SCHOOLCHILDREN read extracts from a survivor’s story to help mark Holocaust Memorial Day in Dorchester.

The event at the Corn Exchange yesterday was attended by members of the public and the community.

Pupils from Sunninghill Preparatory School took it in turns to read extracts from Val Ginsburg’s tale of life in a concentration camp.

Mr Ginsburg was born in Lithuania and, along with 14 members of his family, forced into the Jewish ghetto of Kaunas by Nazi invaders.

He was the only member of his family to survive the Holocaust.

The crowd also heard from Harry Glenville, who was one of ten thousand Jewish children to be sent to the UK by their parents between 1938 and 1939 in the Kindertransport initiative.

His parents and grandmother were murdered in Auschwitz.

Meanwhile, in Weymouth councillors and local residents gathered for a Holocaust Memorial yesterday.

Weymouth and Portland Mayor Graham Winter said: “There were a good bunch there to think about persecution and what it means.

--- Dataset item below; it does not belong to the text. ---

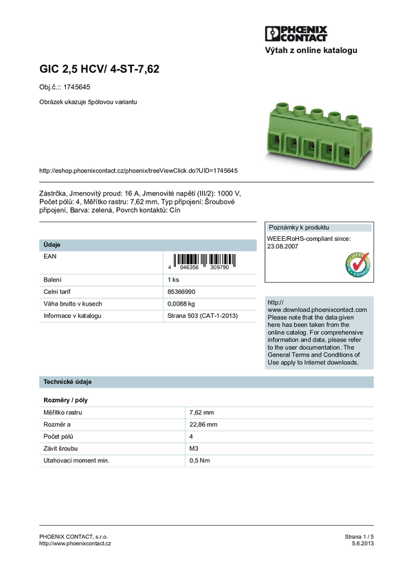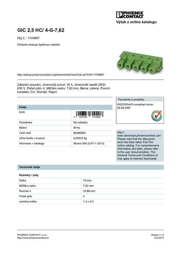 Phoenix Contact 1745645 Obudowa złącza pin żeńskiego na PCB GIC 2,5 HCV/ 4-ST-7,62, wire-to-board, piny: 4, 16 A, 50 szt

“There were poignant readings and stories and I was privileged to say a few words.

“It’s important to remember the atrocities of the Holocaust and the terrible things that have gone on since in Bosnia, Rwanda, Cambodia and even Darfur today.”

School children and members of the Dorset Race Equality Council were also part of the crowd who gathered in the hope that understanding the past can shape future behaviour.